Further Forest Trends analysis reveals that Sweden has traded over 600,000 kilograms of teak (roughly 1,800 cubic meters of Round Wood Equivalent), primarily to two EU Member States in 2020: the Netherlands (89 percent) and Germany (11 percent).

Of the seven member states to import teak from Myanmar so far this year, Spain and Portugal import the lowest volumes, collectively accounting for 3 percent of total EU wide imports in 2020.

Action Taken by the EC and the European Anti-Fraud Office

Discussion at the June 2020 European Commission Expert Group for the EUTR indicates that the EC is taking action to address some of the challenges exposed from the continuing imports.

Minutes from the meeting show that the European Anti-Fraud Office (OLAF) opened a Myanmar investigation in March 2020 in response to intelligence received from the United Kingdom. This investigation focuses on one company, principally importing via Italy.

The minutes also show that OLAF received a proposal for cooperation from several Member States and has expanded the scope of its investigation in response. OLAF has also sent out a new mutual investigation assistance invitation to Member States’ customs agencies requesting that they pay special attention to timber from Myanmar and EUTR circumvention by false declaration of origin, for example.

In addition, OLAF has asked Member States to report their imports from Myanmar since 2018. Once reports are received, OLAF is expected to provide enforcement authorities with analysis as well as recommendations for action, which might include joint inspections or field inspections in Myanmar. In the meantime, OLAF expects further collaboration with INTERPOL on this issue.

Next steps

These steps by the European Commission and OLAF are all to be welcomed but, as the European Commission is undertaking a Fitness Check of the EUTR, there is an opportunity to consider what is working as well as priorities for reform. As such, it is time to: 

  1. Improve communication of the common enforcement positions so that these are clearly published as standalone documents on the EC’s Timber Regulation website alongside country overviews and guidance documents and communicated to industry associations.
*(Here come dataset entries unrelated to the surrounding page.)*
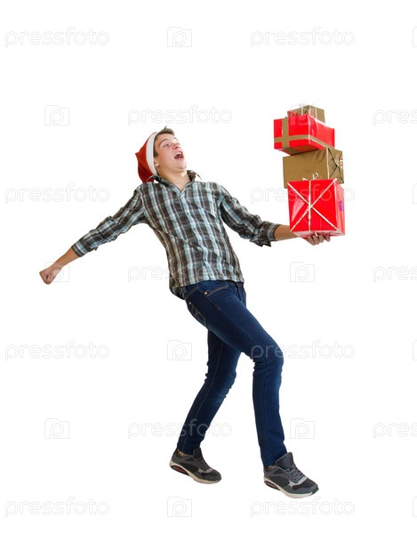 Подросток в новогодней шапке с подарком
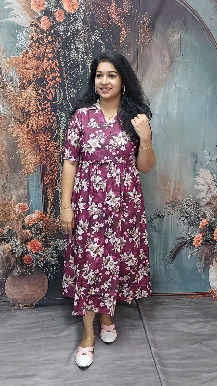 – Highlights: Digital floral print throughout the body. Flap collar neck. First three button openable
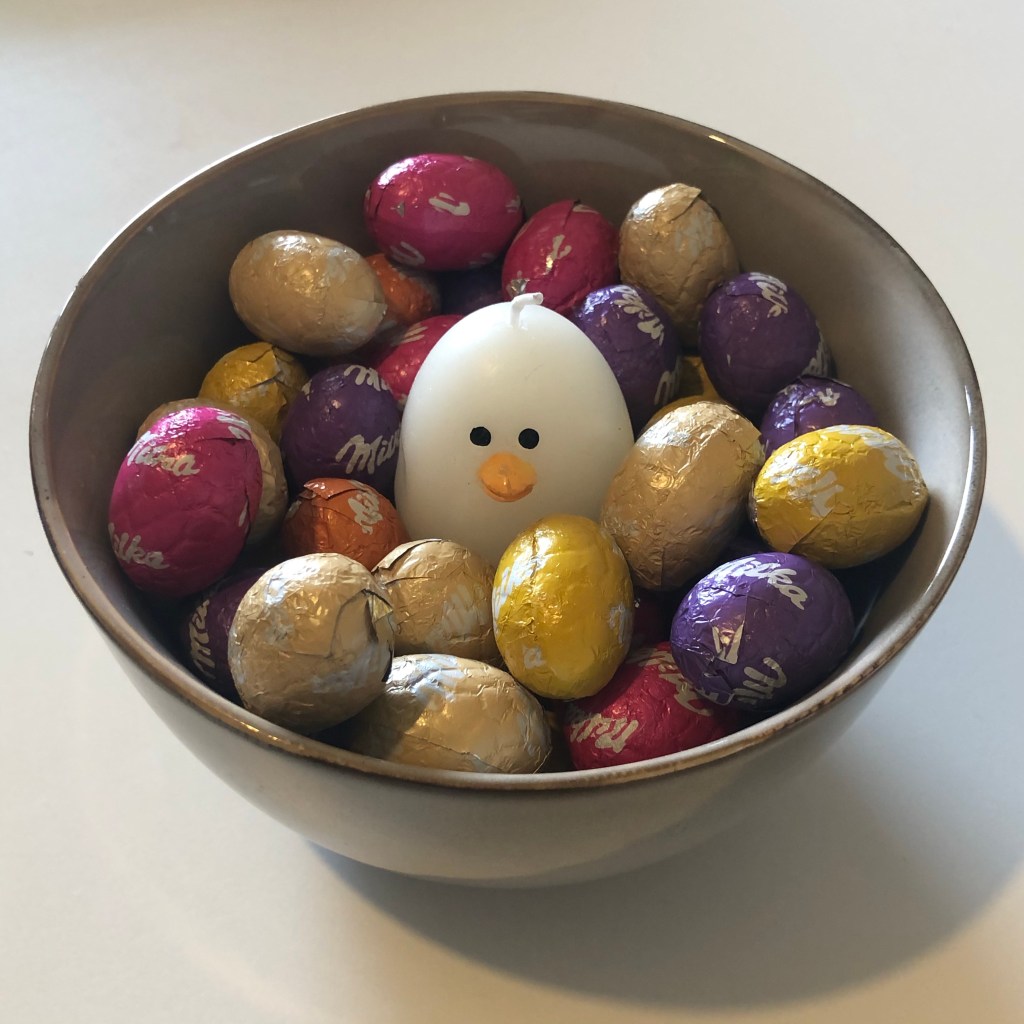 Het staat zo gezellig, zo’n schaaltje, maar nu met dat thuiswerken verdwijnen de eitjes te gemakkelijk in mijn mond …
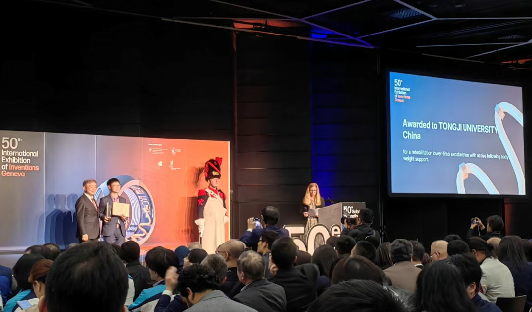 On 13th April 2025, at the 50 th International Exhibition of Inventions of Geneva, the Rehabilitation Lower-limb Exoskeleton with Active Following Body Weight Support and the Light Wing vision large model wearable glasses, which were independently researched and developed by the team of Prof. Zhijun Li’s team (dean of School of Mechanical Engineering Tongji University), were awarded the Gold Award and the Silver Award respectively, in a strong breakthrough among the 2,000 state-of-the-art inventions from nearly 40 countries and regions in the world. Among them, the Rehabilitation Lower-limb Exoskeleton with Active Following Body Weight Support won the ‘Special Invention Award’ (only 1% of the awards) for its breakthrough technological innovation.
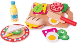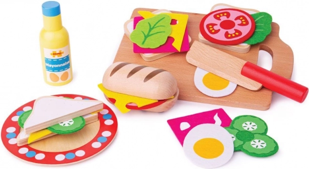 Nella confezione trovi tutto il necessario per preparare un gustoso sandwich: baguette, fette di pane, maionese, lattuga, cetriolo, formaggio, uovo e pomodoro, oltre a piatto, tagliere e coltello. I materiali provengono da fonti responsabili e il giocattolo rispetta le norme di sicurezza europee, per una scelta su cui puoi contare.

While there have been recent improvements in publishing clear conclusions and guidelines relating to the common enforcement position on timber sourced from Brazil, this needs to go further to clearly list all the agreed upon common positions, details of the position, and the common expectations on importers irrespective of the Member State entry point into Europe.
  2. Strengthen requirements on traders. The EUTR only provides significant powers to enforcement officials in those countries where the timber is first placed onto the European single market. This means that officials in countries to which non-compliant timber is subsequently transported have little power to act under the EUTR. Making supply chains subject to enforcement in both the country where the timber was first placed onto the single market and all EU Member States where the timber is subsequently traded would level the playing field and close this loophole for companies deliberately attempting to circumvent the law.
  3. Require detailed, species level reporting of trade data at a level of granularity that allows effective tracking of high-risk and potentially non-compliant timber. In this case, all timber imported from Myanmar is non-compliant and therefore easy to trace, particularly because some species-level reporting categories exist primarily for logs, sawnwood, veneer, and plywood. However, it is much more challenging to track other specific high-risk products using the current reporting categories for trade data reported by EU Member States and published on Eurostat. It is vital that more species level data is both captured and reported at the European level to monitor other high-risk woods entering the EU.

The European Commission ultimately needs to review the consistency of powers and penalties applied across Member States and needs more powers itself to tackle inconsistent enforcement approaches and anti-competitive behavior.